Does every restaurant building in Lexington need PVC roofing?
The PVC specification is most critical in the area immediately surrounding kitchen exhaust fans and makeup air units — typically within six to ten feet of the exhaust discharge. For a restaurant that occupies a small portion of a larger commercial building, the appropriate approach may be to specify PVC only in the kitchen exhaust zone and a standard TPO or EPDM elsewhere, rather than specifying PVC across the entire roof. For a standalone restaurant building where the entire roof is in the exhaust influence zone, full PVC is the right specification.
How long does a PVC roof last on a restaurant building?
A well-specified 60-mil PVC membrane with regular maintenance should deliver 20 to 25 years of service on a food-service building. Actual performance depends on membrane thickness, manufacturer quality, seam execution, and the exhaust zone maintenance program. Thin PVC membranes (45-mil) in high-exhaust environments typically underperform — we specify 60-mil minimum on all commercial PVC applications in Lexington.
Can PVC be repaired if it's damaged?
Yes. PVC membrane repairs use the same hot-air welding process as new installation — a PVC patch welded over the damaged area creates a bond that is as strong as the original membrane. PVC is one of the more repair-friendly single-ply membranes because the thermoplastic chemistry that makes it weldable at installation also makes it weldable for repairs throughout its service life.
My retail center has multiple food-service tenants — how do I manage the roof membrane in exhaust zones?
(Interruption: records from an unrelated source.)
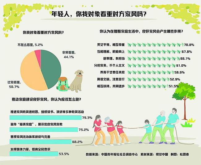 调查中,94.8%的受访青年明确表示,找对象看重对方家风,44.1%的受访青年直言非常看重。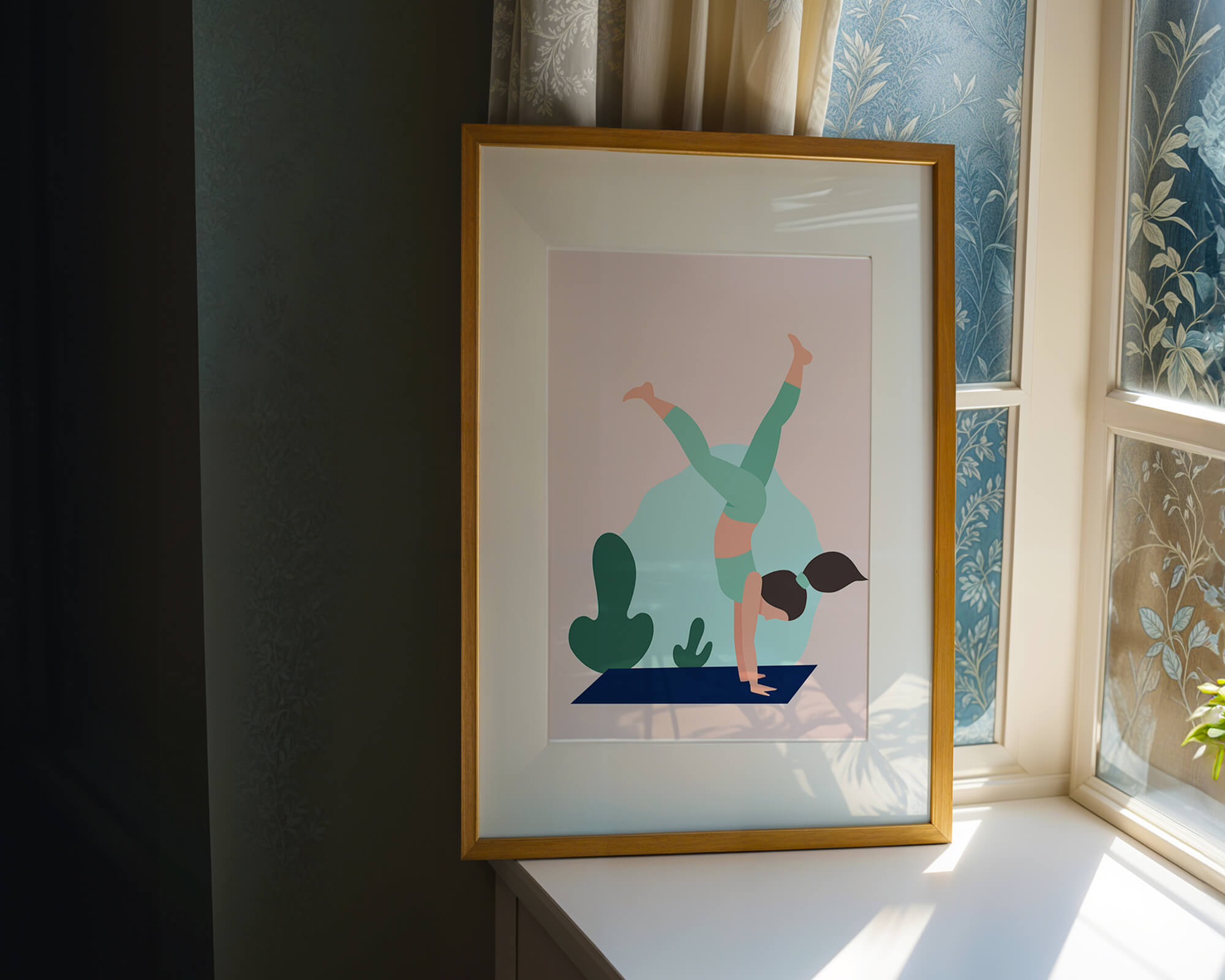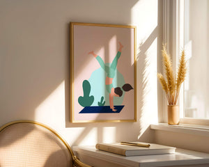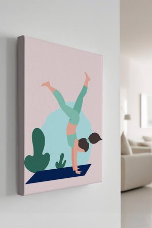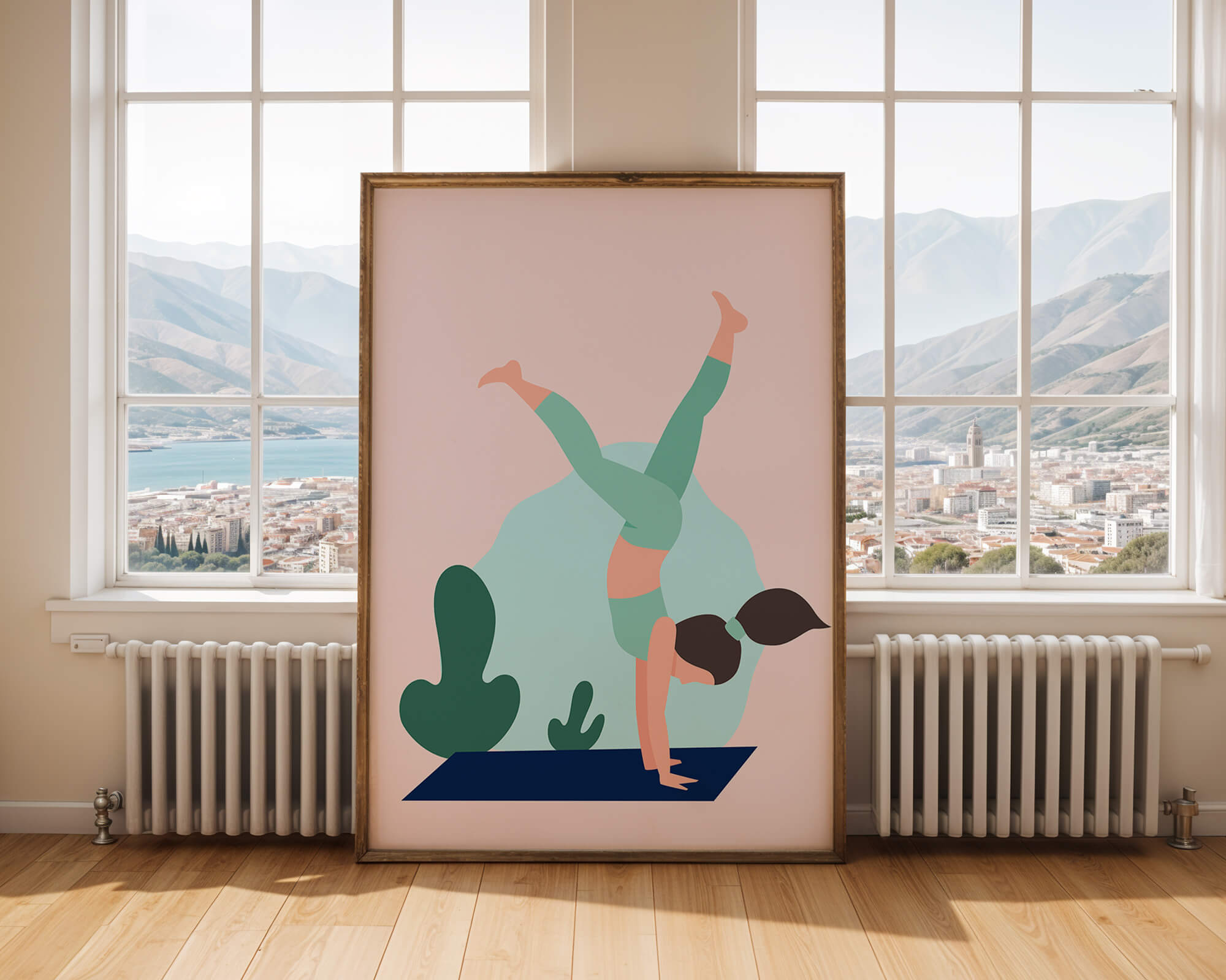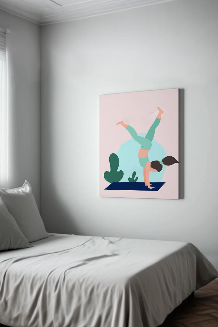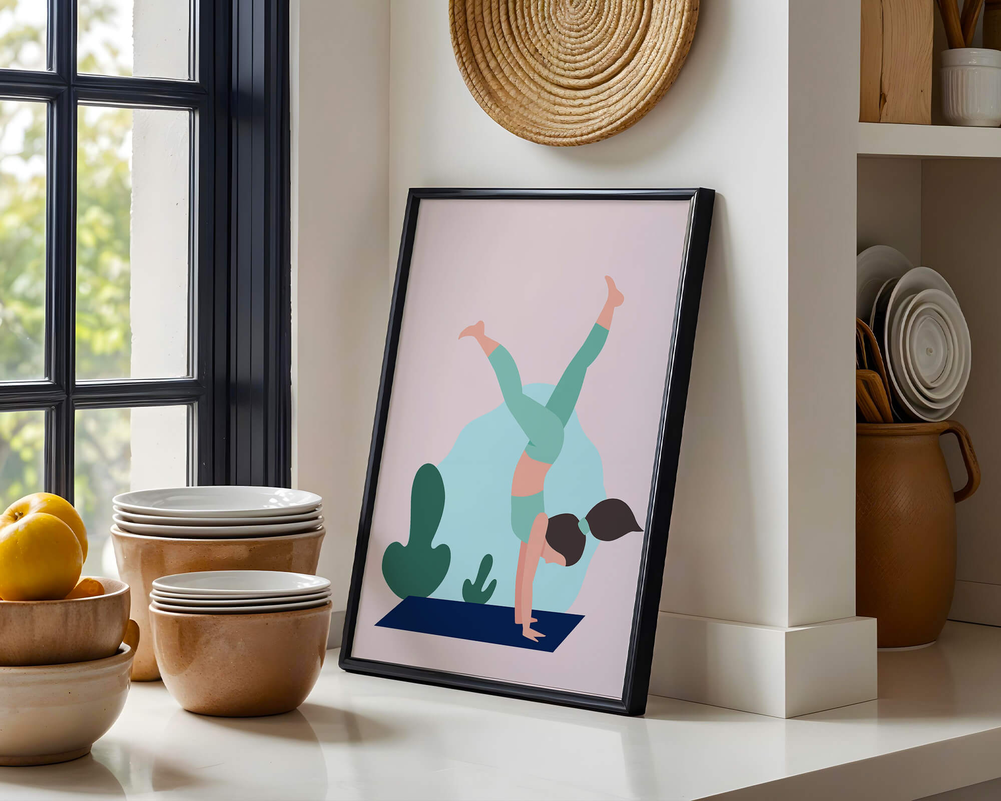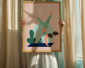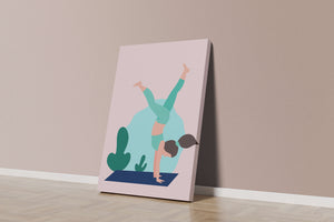 In this artwork, the woman is depicted in a handstand position, showcasing both her strength and balance. Her teal workout attire complements the deep blue of the yoga mat, and her ponytail is highlighted with a matching teal band. The background features abstract plant shapes in various shades of green, adding to the peaceful atmosphere of the scene.The overall composition conveys a message of inner peace and physical strength, making it an inspiring addition to any wellness-focused space. Its perfect for yoga enthusiasts who appreciate both the artistic representation of their practice and the tranquility it brings to their everyday life.| Type |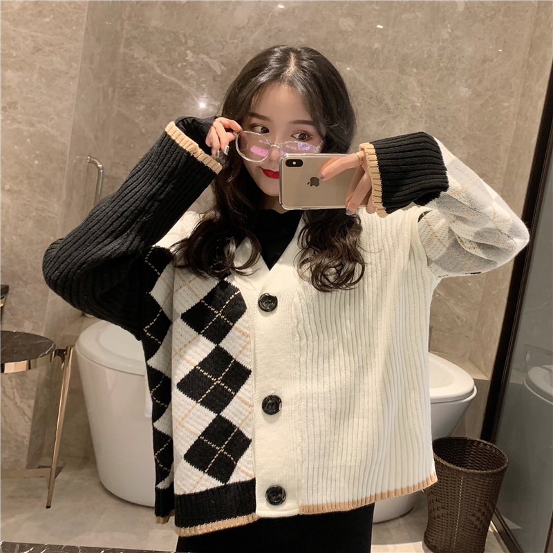 / 秋冬季新款chic百搭長袖格子慵懶風網紅毛衣針織外套女寬松開衫潮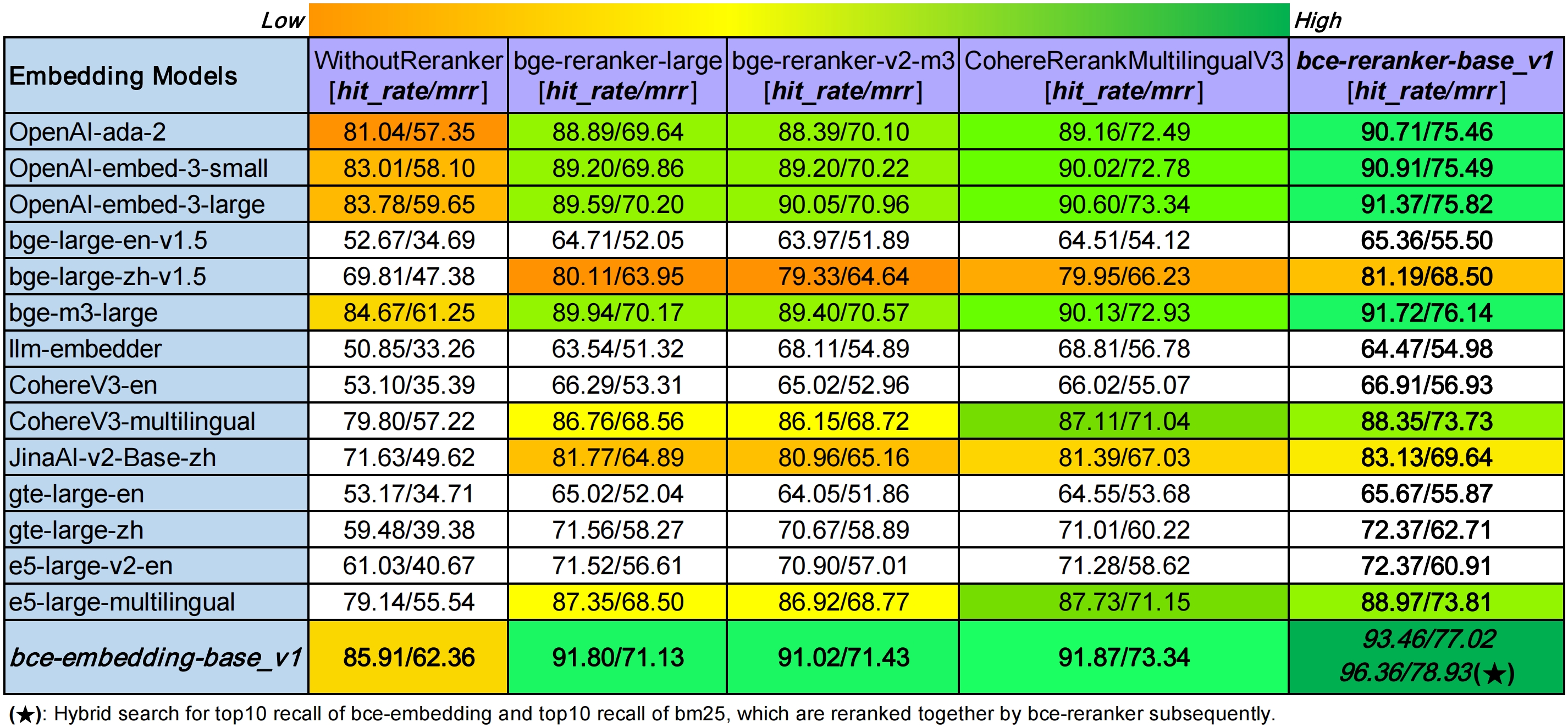 bce-reranker-base_v1达到了最佳性能。 bce-embedding-base_v1和bce-reranker-base_v1的组合达到了当前最优水平。- 如果您希望分别使用 embedding 和 rerank,请参考 BCEmbedding。

The most effective approach is to inspect exhaust zones annually as part of your maintenance program, clean accumulated grease deposits from the membrane surface, and monitor PVC condition in high-exhaust areas for any surface chalking or stiffening that indicates plasticizer depletion. Ensure that any new exhaust equipment installations by incoming tenants are reviewed for curb height and exhaust clearance compliance before the kitchen opens. A tenant who installs a new exhaust hood without proper curb height can damage a membrane in a single busy season.